A little girl suffers a burst appendix on board a cruise ship and gets medical attention from the U.S. Navy.
The USS Ronald Reagan answered the disress call and steamed overnight almost 400 miles to get a helicopter within range to pick up the girl. Even then, the chopper had a 90-minute round trip plus time on-station to lift her off the ship.
Somehow, the standard $15 co-pay just doesn't seem to cover it, does it? Just looking at one of my recent insurance bills, I'm thinking hers would look a little like this:
1. Divert the USS Ronald Reagan aircraft carrier (5,000+ crew members) and send it 325 miles to meet the ship. Billed by U.S. Navy: $1.5 million; paid by insurance: $2,500. Remainder written off and unbillable to patient.

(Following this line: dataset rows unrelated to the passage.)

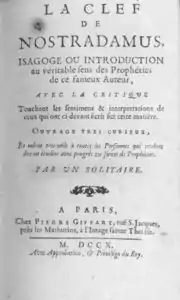 - Jean Le Roux, La Clef de Nostradamus, Isagoge ou Introduction au véritable sens des Prophéties de ce fameux auteur, avec la critique touchant les sentimens & interprétations de ceux qui ont ci-devant écrit sur cette matière (1710).
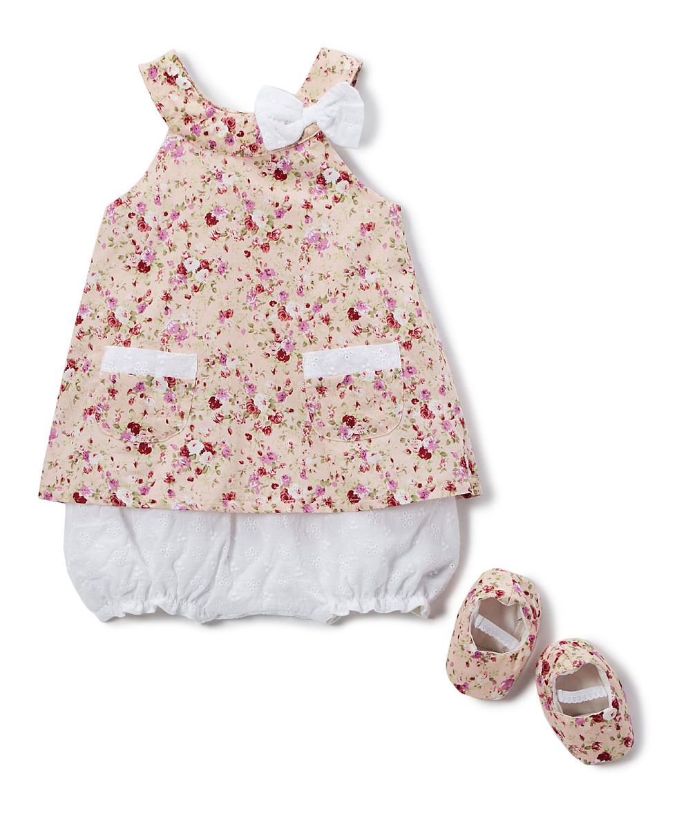 Blush Floral & Plaid Skirted Bodysuit & Headband - Infant
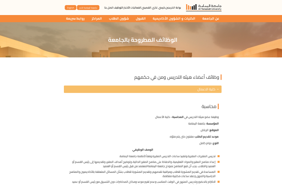 التخصصات المتاحة في وظيفة جامعة اليمامة
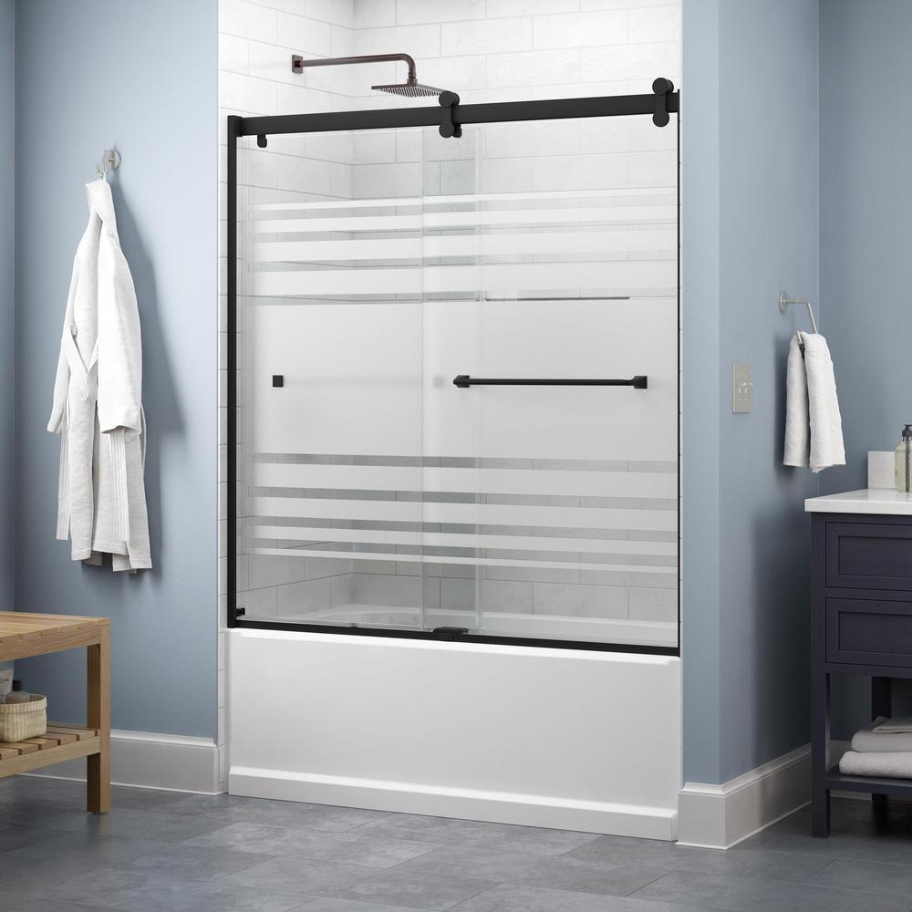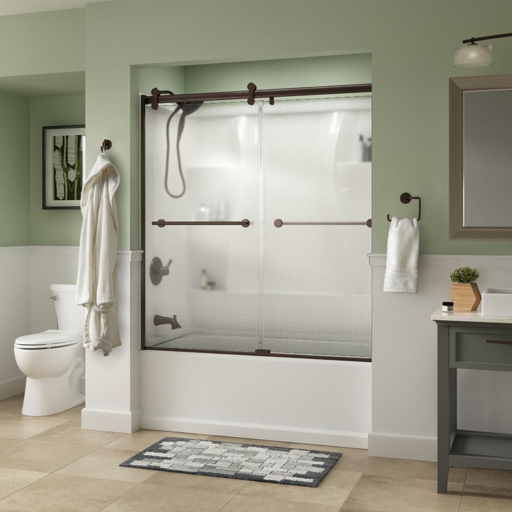 Whether you’re looking for a moderate DIY project or working on a bathroom remodel, upgrading your bathroom with a new sliding shower door is easy with the Delta 1-2-3 custom sliding shower door program. Delta’s custom glass shower door program offers 1000s of design combinations by choosing your glass shower panels, shower door track, and shower door handles to build a unique, personalized glass shower door. Inspired by the trendy barn door style, the Contemporary bathtub door track in bronze is sleek and modern with exposed rollers for the perfect balance of industrial and contemporary design. Show off your beautiful shower with standard 1/4 in. ANSI certified tempered glass shower panels, featuring Delta Spot Guard with a completely transparent look for a glass shower door that is both simple and elegant. The Lyndall sliding shower door handles in bronze feature two convenient towel bars for extra bathroom storage in a contemporary design silhouette that beautifully demonstrates simplistic, modern elegance.
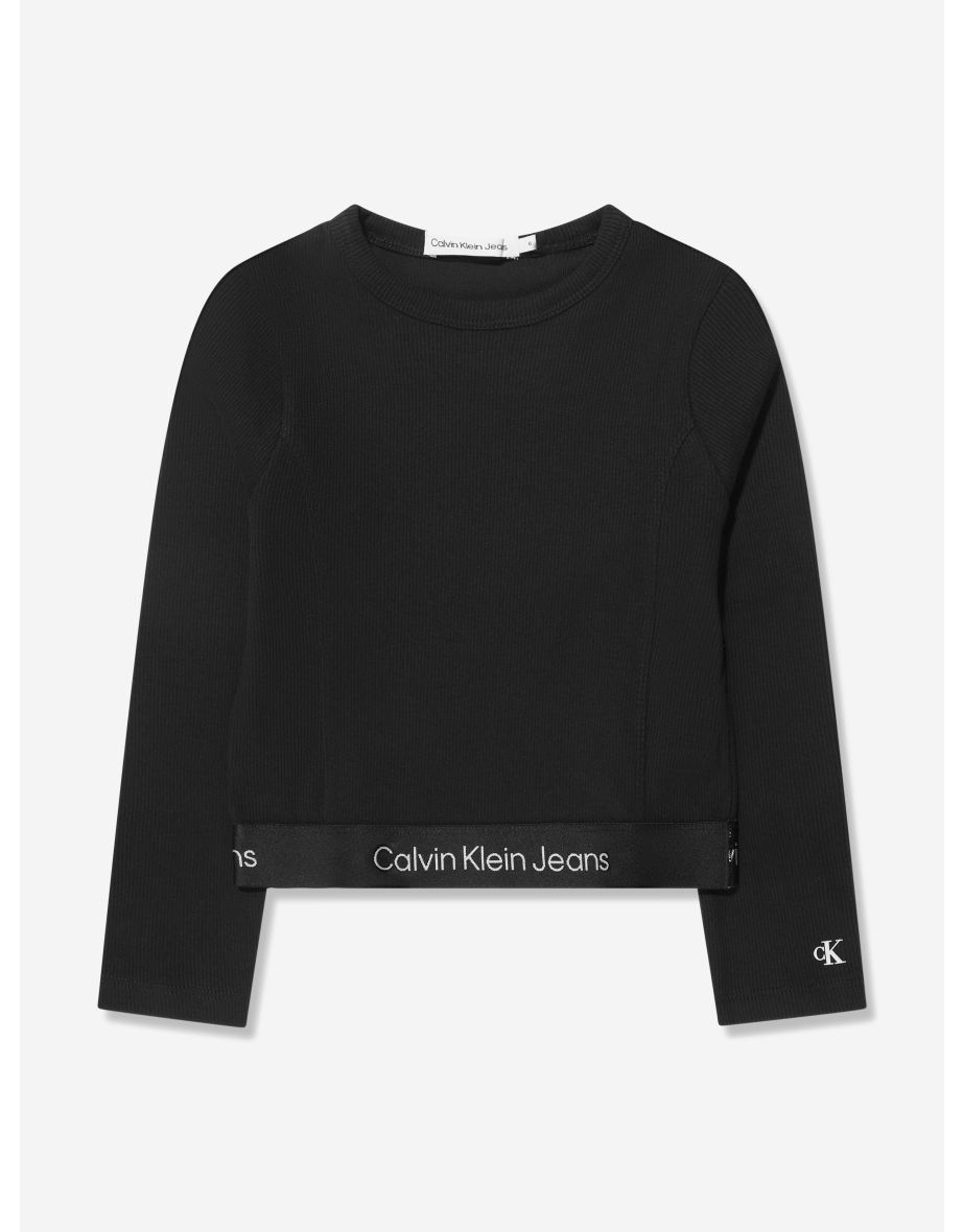 La camiseta de manga larga Rib Tape de niña en negro de Calvin Klein Jeans es la opción ideal para un estilo informal sin esfuerzo y para el día a día.

2. Launch a helicopter with medical crew to airlift the girl from the ship (no landing pad). Billed by U.S. Navy: $15,000; paid by insurance: $975. Remainder written off and unbillable to patient.
3. Fly back to the Reagan and perform surgery. Billed by U.S. Navy: $31,500; paid by insurance: $9,750. Remainder written off and unbillable to patient.
Of course, this doesn't take hospitalization and prescriptions into account. Makes you glad you have coverage, doesn't it?